Jerdle 5 Mar 2025 21:04 UTC
3 points
0
Pseudo-flat tax formula:
Assume utility is logarithmic in income, and the goal is to set the experienced tax burden to be constant.
Then, we have the formula that the average tax rate, where $a$ is a parameter controlling the experienced tax burden and $z$ is the break-even point, is as follows:
$f (x) = 1 - {(\frac{x}{z})}^{a - 1}$
$x$ is the input income, and $f (x)$ is the average tax rate.
- Buck 5 Mar 2025 22:30 UTC
  3 points
  0
  Parent
  Fans of math exercises related to toy models of taxation might enjoy this old post of mine.

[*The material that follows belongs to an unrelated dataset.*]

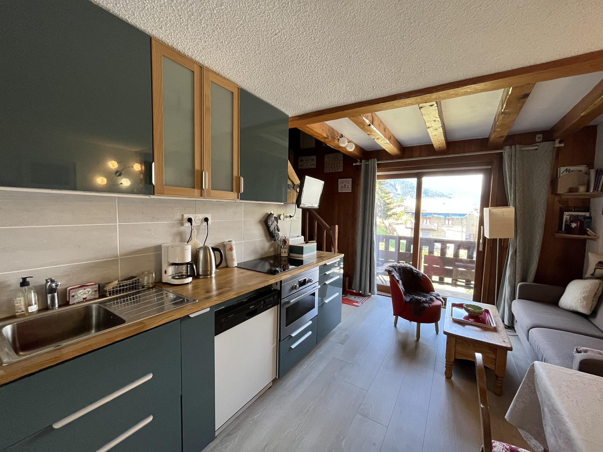 Sejour avec cuisine equipee : four/micro-ondes, refrigerateur, plaques vitroceramique, lave vaisselle.

- Gurkenglas 5 Mar 2025 21:24 UTC
  3 points
  1
  Parent
  What is x and why isn’t it cancelling?
  - Jerdle 5 Mar 2025 22:02 UTC
    1 point
    0
    Parent
    x is the initial income, and I forgot to cancel it. Good point.
    
    Turns out, it’s far simpler than I had it as.
    - Gurkenglas 6 Mar 2025 6:04 UTC
      2 points
      0
      Parent
      Can a eat that −1?
      - Jerdle 9 Mar 2025 11:08 UTC
        1 point
        0
        Parent
        It could do, but a represents the amount of utility remaining.
        
        Maybe the more natural thing would be to have a be the effective tax rate, and have it be (z/x)^a.